Electromechanical voting machines (which record the vote by punching on paper) and computer with touchscreen terminals are only two of the types of machinery used to express electoral preferences: alongside the undoubted advantages in terms of speed and storage of voting data, they have an unavoidable component of vulnerability that every four years rekindles the debate over the safety of the vote in the US.
It must be said immediately that the devices for electronic voting are not connected to the Internet, so a hacker attack to alter the outcome of the vote in real time is almost impossible. But it is possible, in theory, a databreach of the servers where information on voters are registered, or a physical tampering with election machines. The latter type of attack may for example, consist in an alteration of the terminal memory by overwriting its software: in this way, the device apparently records the correct vote, then prints the distorted one.
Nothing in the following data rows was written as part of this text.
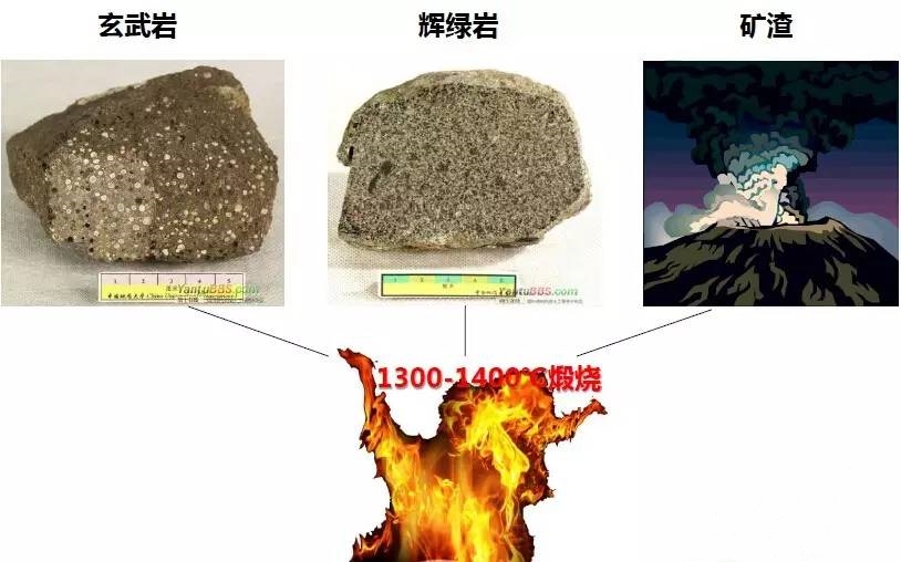 巖棉原材料主要由玄武巖、輝綠巖、礦渣等組成,經過1300-1400℃的高溫煅燒。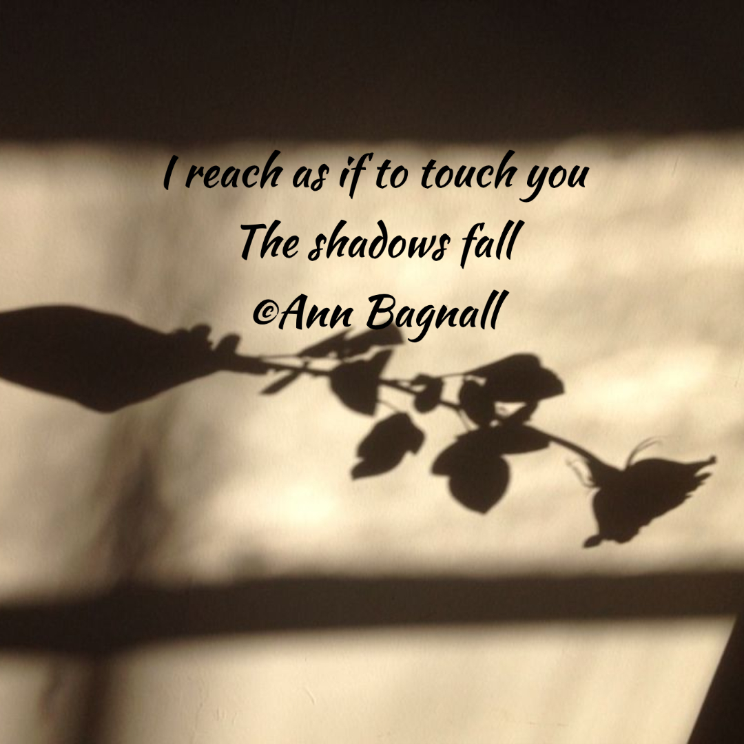 July 12, 2022July 2, 2022 I reach as if to touch youThe shadows fall©Ann Bagnall Share this: Click to email a link to a friend (Opens in new window) Email Tweet Click to print (Opens in new window) Print Like Loading... Related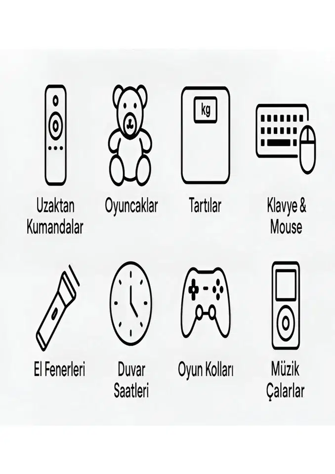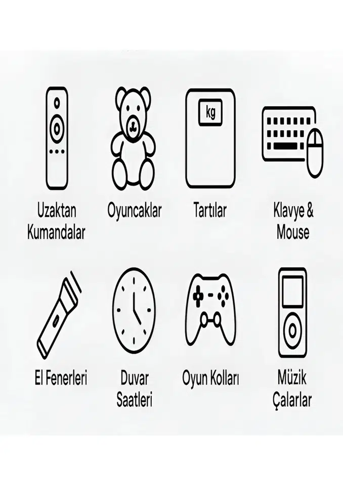 Kumandalar, kablosuz klavye/mouse, oyuncaklar, fenerler, el cihazları, fotoğraf ekipmanları ve 1.5V pil kullanan tüm elektronik ürünler için uygundur.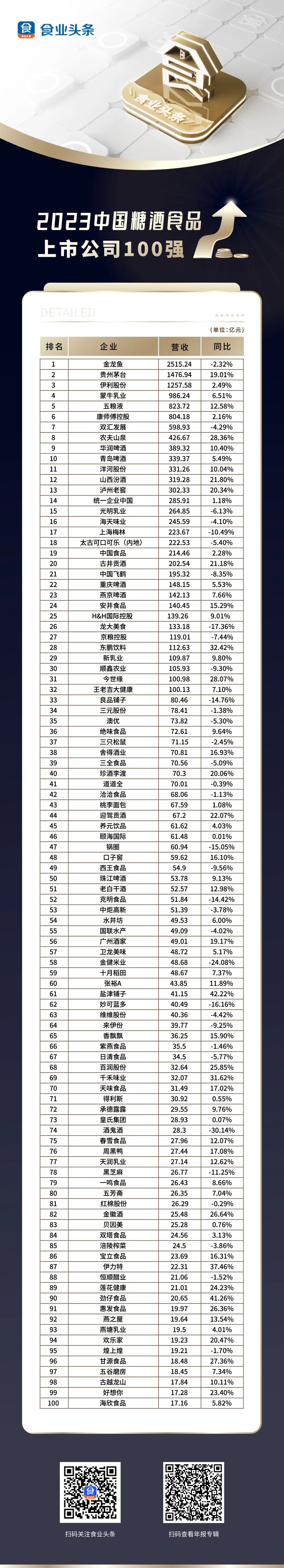 新鲜出炉!食业头条发布《2023中国糖酒食品上市公司100强》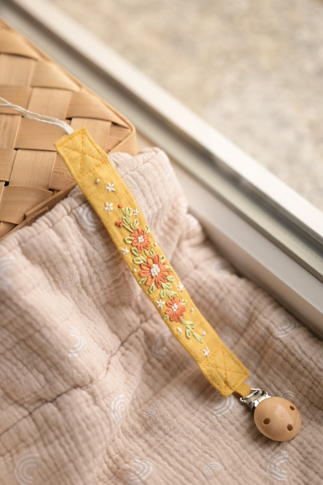 Vezica za dudu izrađena je od lanenog platna i vezena pamučnim koncem. Gornji dio kopče izrađen je je od drveta sigurnog za djecu, a donji dio od metala.
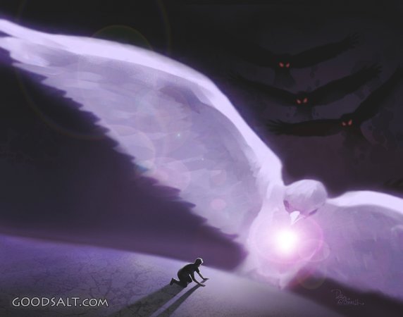 My Refuge and Shield Psalm 92:1-4 Ephesians 6:12 help, redeemer, rescue, protecting, savior, refuge, wings, feathers, dave oconnell, spiritual warefare PROJECTION - License for PowerPoint™ PRINT – buy a print of this picture; optional frame Bible Hub |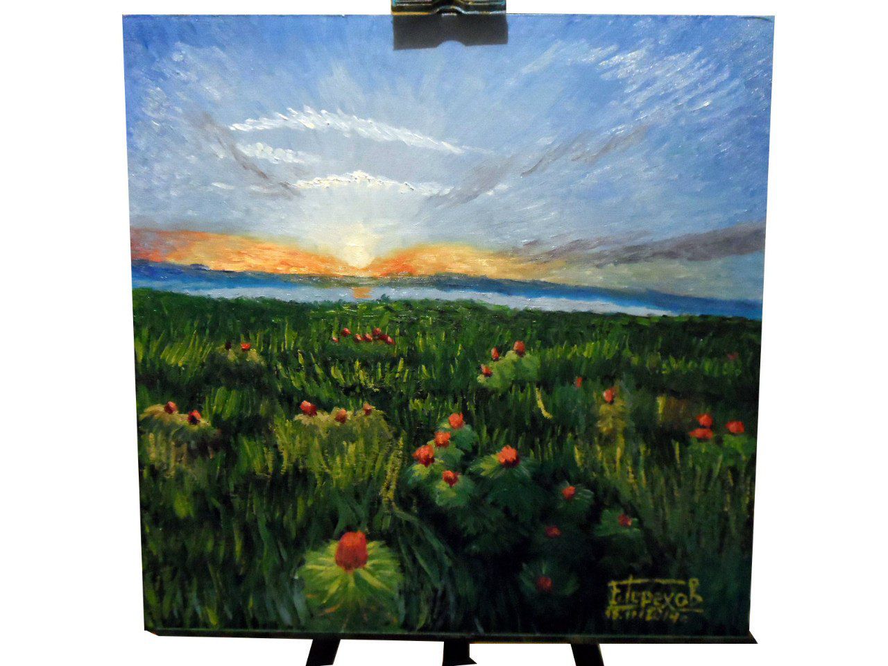 Работа №09 - Вдохновение Ван Гогамелкозернистый холст на картоне, кисть, маслоразмер: 50см х 50см15.11.2014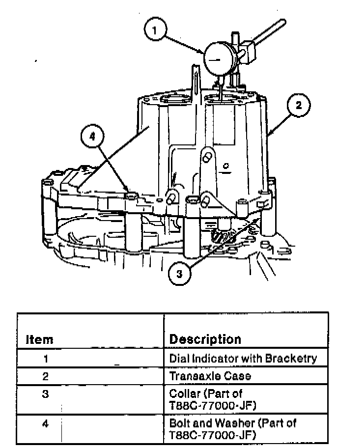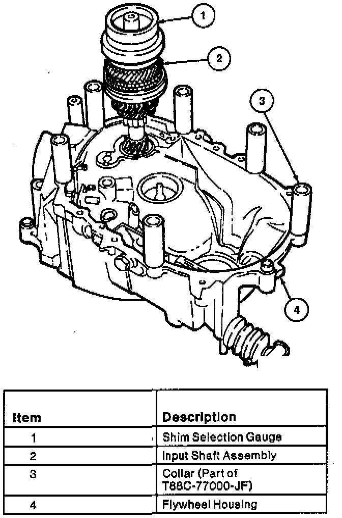 NOTE: Whenever the transaxle is disassembled, the bearing preload must be adjusted. The input shaft preload can be adjusted by selecting shims to insert between the fourth gear end bearing cups and the transaxle case. To determine the correct thickness shim, use Shim Selection Sets T88C-77000-JF and T88C-77000-C, along with the following procedure:1. Install the input shaft third gear end bearing cup into the flywheel housing.

Even this kind of attack, in truth, is difficult to accomplish, especially on a large scale, but the problem in the USA is rather perceived: in fact, as many as 66% of US citizens believe that the elections could be in some way at risk of fraud. And the fact that most of the voting machines are older than 10 years and there are no funds to renew them, only adds to these concerns.
But beyond the legitimate concerns over cyber security, the debate on electronic voting touches on issues that affect not only the relationship between citizens and institutions but also the sense of personal participation in the destiny of the country. For a long time numerous experts say electronic voting is accompanied by a “lack of cognitive transparency of the process“, aggravated by the inability to verify the outcome of the vote. In the voting booth the citizen is making a considered (and lonely) choice, of which he is also owner until it is entrusted to the government. Conversely, in the electronic voting, the lack of “physicality” inevitably creates a “detachment” between the institution and the citizen, increasing the insecurity and lack of responsibility of the latter.
In short, the problems related to electronic voting – in-depth analysis – appear very different from the general danger of a hacker attack feared by many and should push the largest democracy in the world to a deep rethinking of its electoral system.